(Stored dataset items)
────

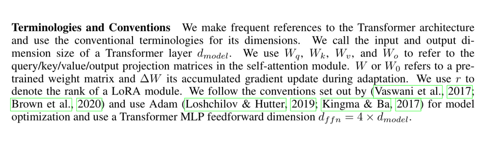 在本例中将 LoRA 应用于 Transformer 架构。因此,下一节一起来了解有哪些变量,分别代表着什么。
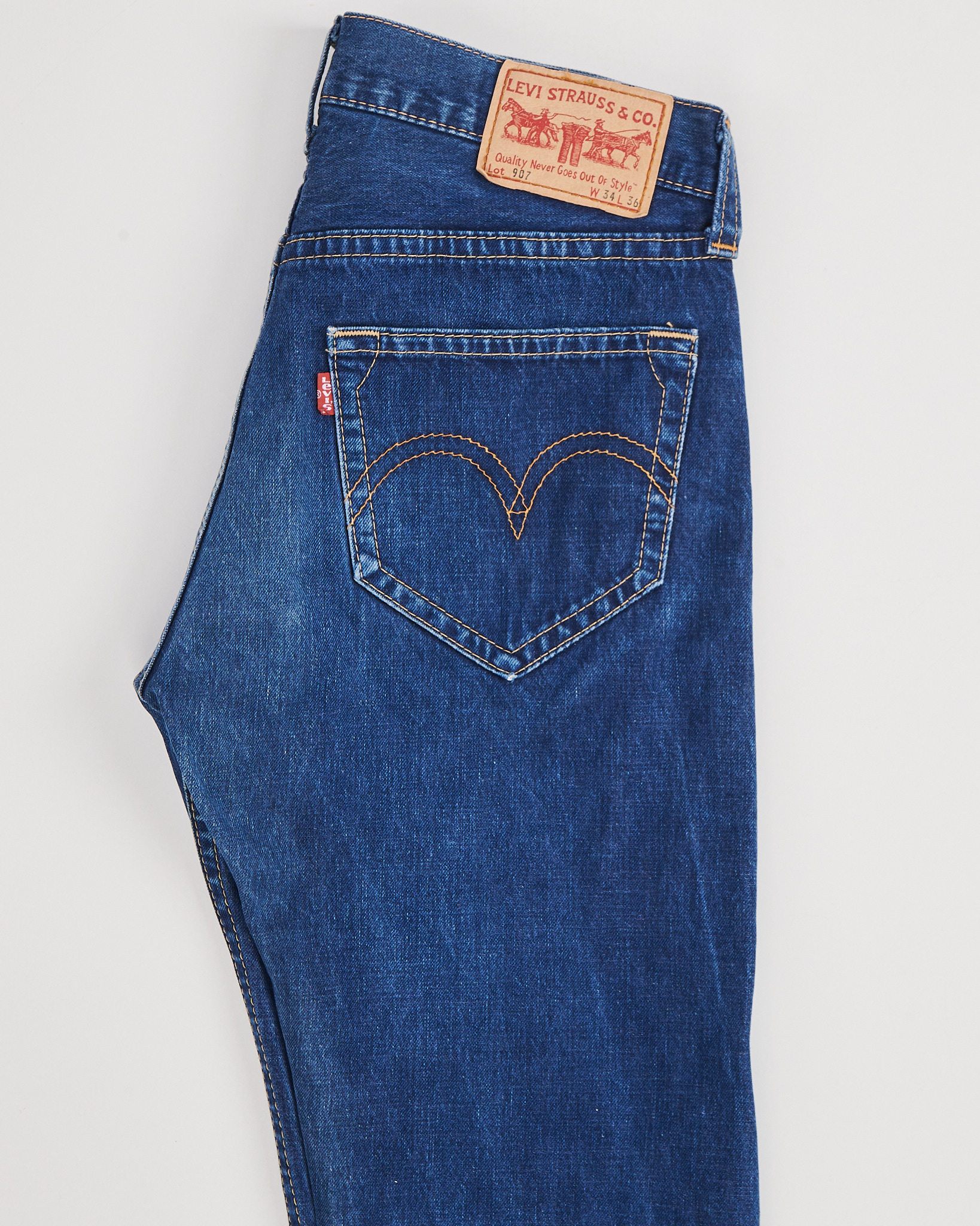 Джинсы Levi’s 907 из плотного денима Посадка средняя, крой прямой по бедру с небольшим расширением к низу. Акцент на фирменной строчке карманов и классической фурнитуре Levi’s.
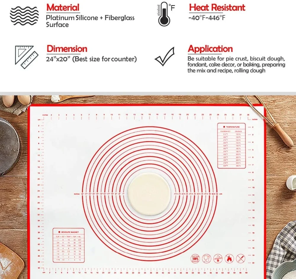 Очень трудно двигаться, когда вы раскатываете тесто и всегда сохраняете стабильность на столе. Супер Кухонный коврик также идеально подходит для выпечки, прилавка, коврик для пиццы, коврик для размещения, детский коврик и так далее.
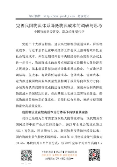 / 调研报告:20240328完善我国物流体系降低物流成本的调研与思考——中国物流党委常委 梁伟华
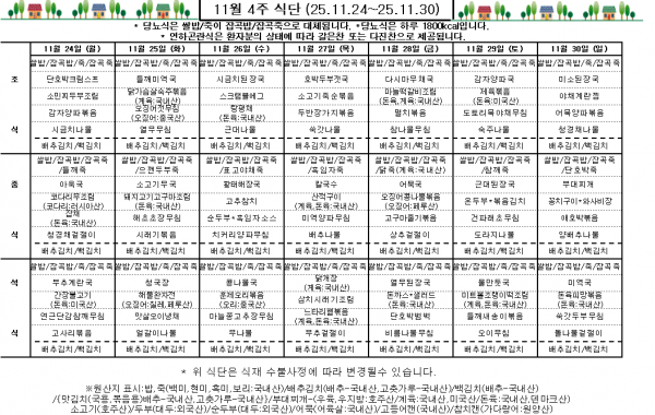 "금주의 식단 메뉴를 확인 할 수 있습니다."
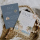 Mit dieser zweiseitigen Aquarelleinladung von Redwood & Vine Design Co. präsentiert die Front handbemalte Kunstwerke von Palmen, Ozeanwellen, Sandküste, goldener Sonne und Surfbrettern. Auf der Rückseite finden Sie einen staubigen blauen Hintergrund mit tropischen Illustrationen, Geschenkregisterdetails und einen scannbaren QR-Code für den einfachen Zugang zum Internet Registern. Ideal für einen tropischen, Strand oder eine Surf-inspiriert Feier, verbindet diese Einladung natürliche Schönheit mit praktischen Details für eine vollständige und elegante Präsentation.
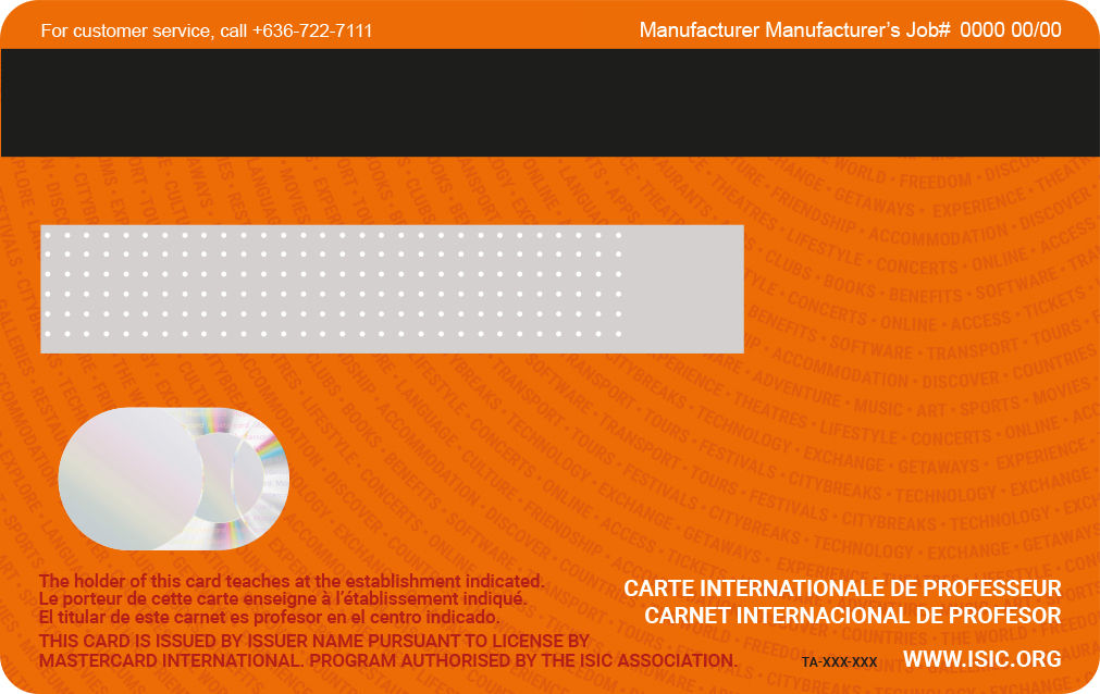 This ISIC Teacher Identity Card with Mastercard is ideal for educational institutions or businesses wishing to replace their traditional staff ID card with an internationally recognised, co-branded, debit card. Please contact our sales team for more information if you are interested in this excellent addition to your brand.
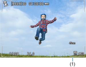 : AF зона] е [Whole area AF/AF в пълна зона]. Когато натиснете спусъка наполовина, се появяват рамки на AF зоната (1). След постигането на фокус AF точката се оцветява в синьо.
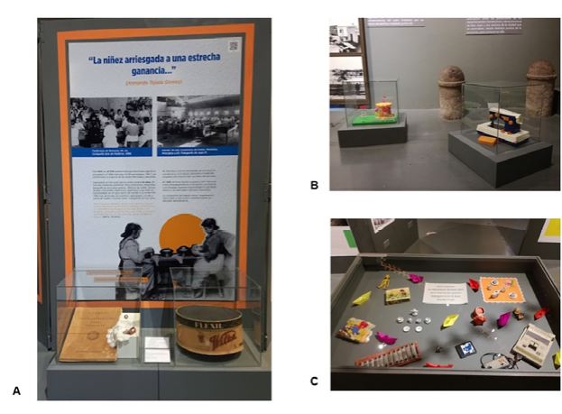 En relación con el guion museológico, se tuvo mayor preocupación en garantizar la accesibilidad de los contenidos, tanto en lo cognitivo como en lo físico, dando prioridad a textos cortos y soportes museográficos y visuales claramente señalizados. Así, se consideró especialmente la altura de las vitrinas y del mobiliario museográfico. También incorporamos códigos QR con enlaces de audio que abordaban el contenido de cada panel (Figura 9).
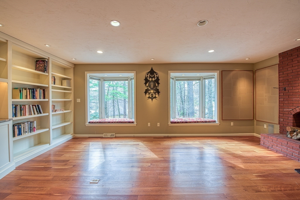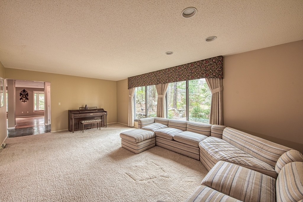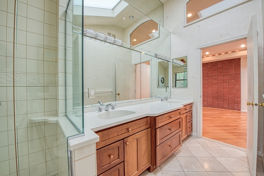 Magnificent CUSTOM BUILT Contemporary Colonial set back off the street providing privacy and sense of seclusion in one of Sharon's most desirable executive communities. This elegant home boasts 4 bedrooms plus BONUS GUEST ROOM on first floor, 4 full baths and over 4,000 square feet of living space. The heart of the home is the OVERSIZED Family Room with wood burning stove, bay windows/window seats and wall of built in bookcases. The inviting living room opens to elegant dining room and bright and sunny kitchen with circular eating area, skylights and plenty of counter and cabinet space. The screened porch off the kitchen provides a tranquil oasis. Second floor boasts 4 spacious bedrooms and full bath including a gracious Primary Suite, complete with VAULTED CEILING/SKYLIGHTS, en-suite bath and large walk in closet. The amazing lower level with SEPARATE ENTRANCE includes an all purpose room PLUS 4th FULL BATH, wet and dry sauna, slider to stone patio and access to 2-car garage.
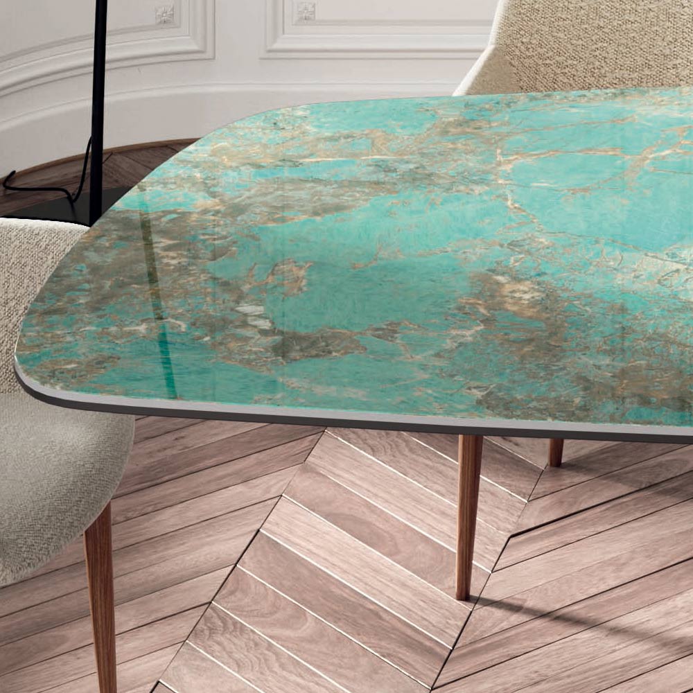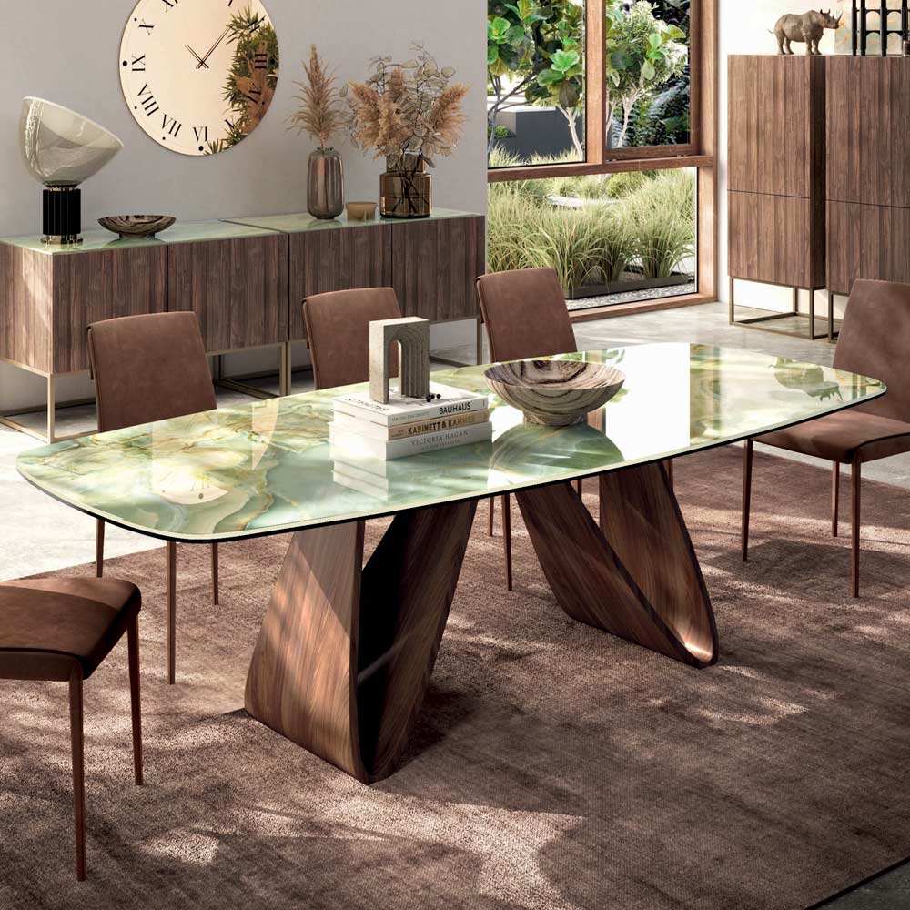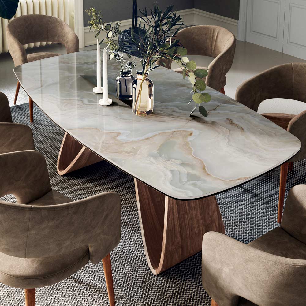 Mesa de salón fija en forma de barril con tapa de cerámica , biselado a 45° , base de madera chapada en nogal Canaletto y pies regulables. Gracias a la forma de la base y a los acabados de la tapa disponibles, la mesa es capaz de dar un toque de movimiento y elegancia a cualquier ambiente diario y contract. Los materiales garantizan funcionalidad y practicidad para tener un producto no sólo visualmente muy bonito sino también utilizable en cualquier ocasión.
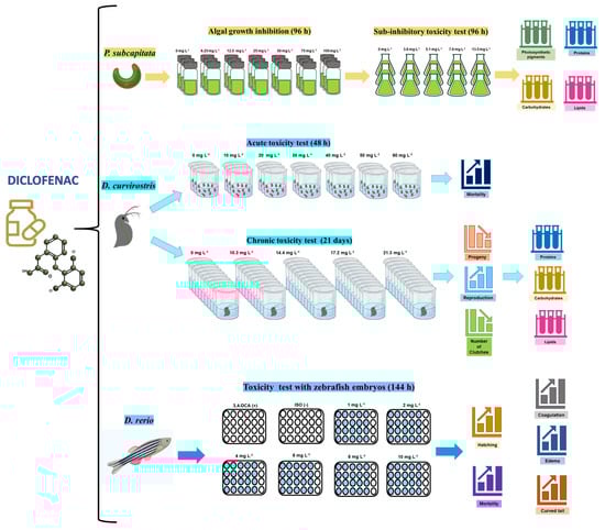 Outline of the procedures applied in the evaluation of the toxic effects of diclofenac in microalgae, cladocerans, and fish.
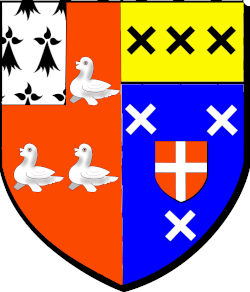 parti de gueules à quatre merlettes d'argent au franc-canton d'hermine ; et d'azur à un écusson de gueules à une croix d'argent posé en cœur, accompagnée de trois flanchis d'argent ; au chef d'or chargé de trois flanchis de sable
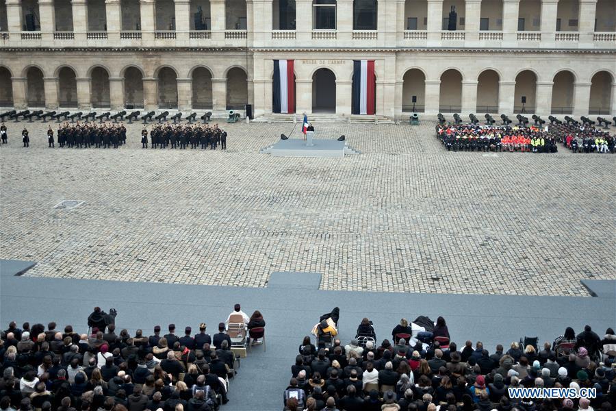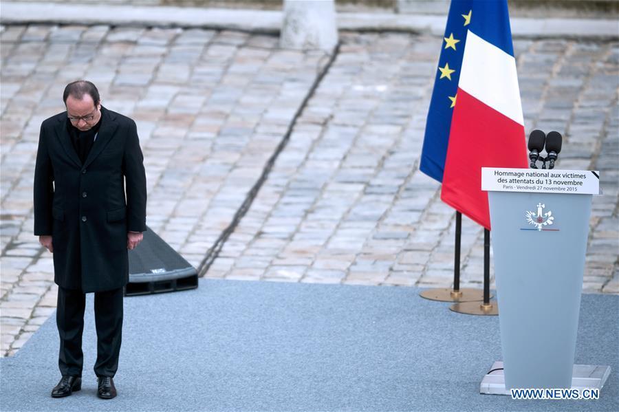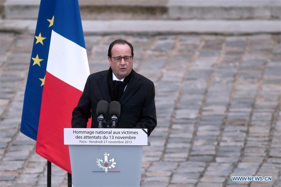 French President Francois Hollande presides over a ceremony to pay tribute to the 130 people killed during the Nov. 13 terrorist attacks at the military museum Les Invalides in Paris, France, Nov. 27, 2015. (Xinhua/Marc El Chombier)
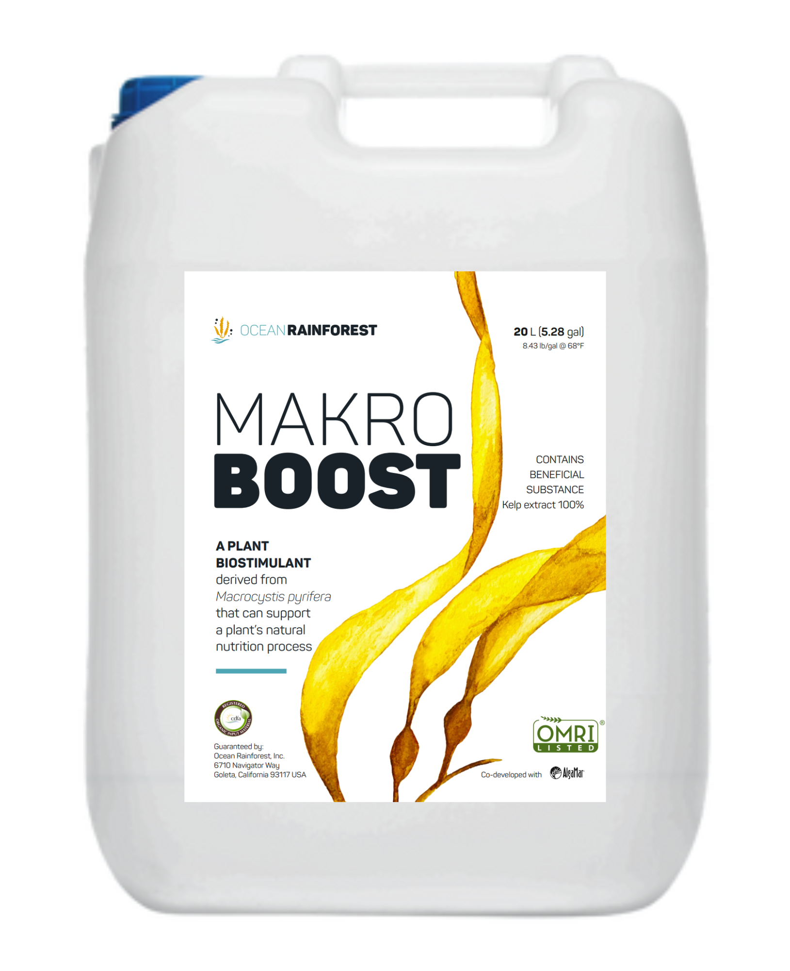 A plant biostimulant derived from Giant Kelp (Macrocystis pyrifera) that can support a plant’s natural nutrition process
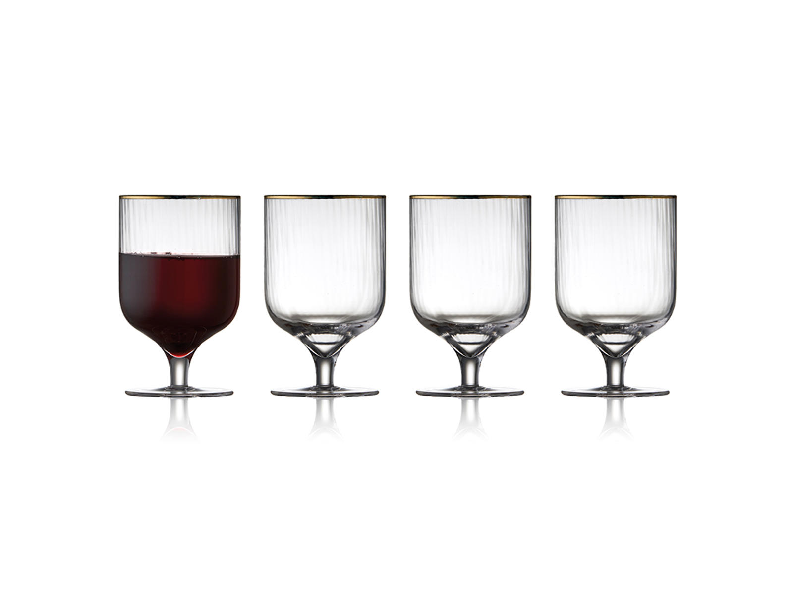 - Fyra eleganta vinglas med guldkant och räfflad design
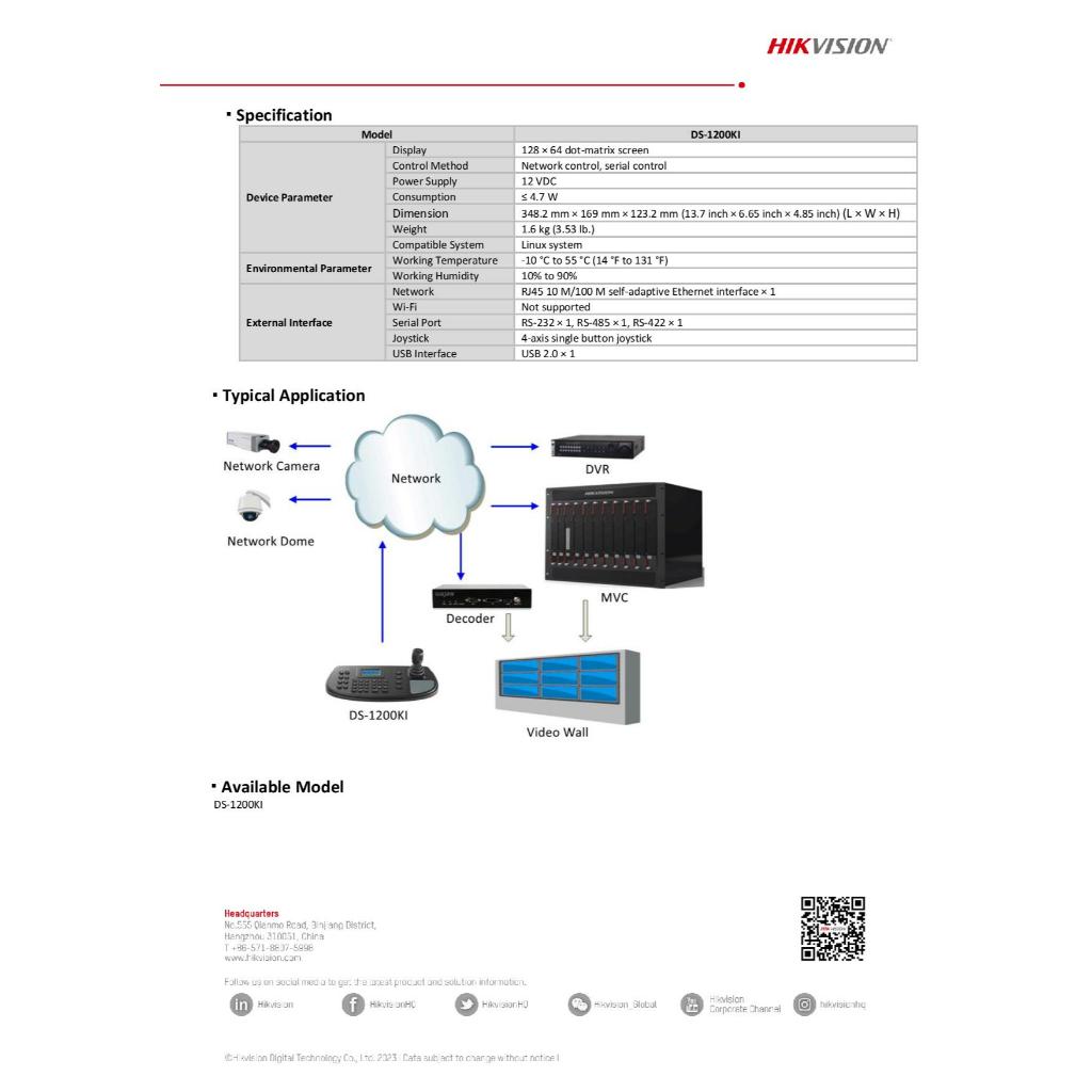 HIKVISION DS-1200KI CCTV Network 128x64 LED Dot Matrix Screen PTZ and Video Wall Controller 4 Axis Joystick Keyboard
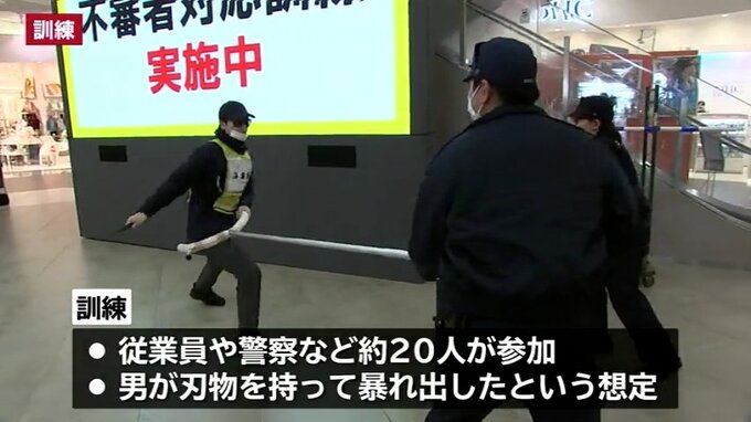 訓練には従業員や警察などおよそ20人が参加し、「男が刃物を持って暴れ出した」という想定で行われ、参加者がカートやさすまたで犯人役を取り押さえました。

────

■ What you have to do:
Could you write out again, exactly, the lines from the line containing "parti de gueules" through the last line of the records above? Leave out the pictures.

■ Response to the exercise:
 parti de gueules à quatre merlettes d'argent au franc-canton d'hermine ; et d'azur à un écusson de gueules à une croix d'argent posé en cœur, accompagnée de trois flanchis d'argent ; au chef d'or chargé de trois flanchis de sable
 French President Francois Hollande presides over a ceremony to pay tribute to the 130 people killed during the Nov. 13 terrorist attacks at the military museum Les Invalides in Paris, France, Nov. 27, 2015. (Xinhua/Marc El Chombier)
 A plant biostimulant derived from Giant Kelp (Macrocystis pyrifera) that can support a plant’s natural nutrition process
 - Fyra eleganta vinglas med guldkant och räfflad design
 HIKVISION DS-1200KI CCTV Network 128x64 LED Dot Matrix Screen PTZ and Video Wall Controller 4 Axis Joystick Keyboard
 訓練には従業員や警察などおよそ20人が参加し、「男が刃物を持って暴れ出した」という想定で行われ、参加者がカートやさすまたで犯人役を取り押さえました。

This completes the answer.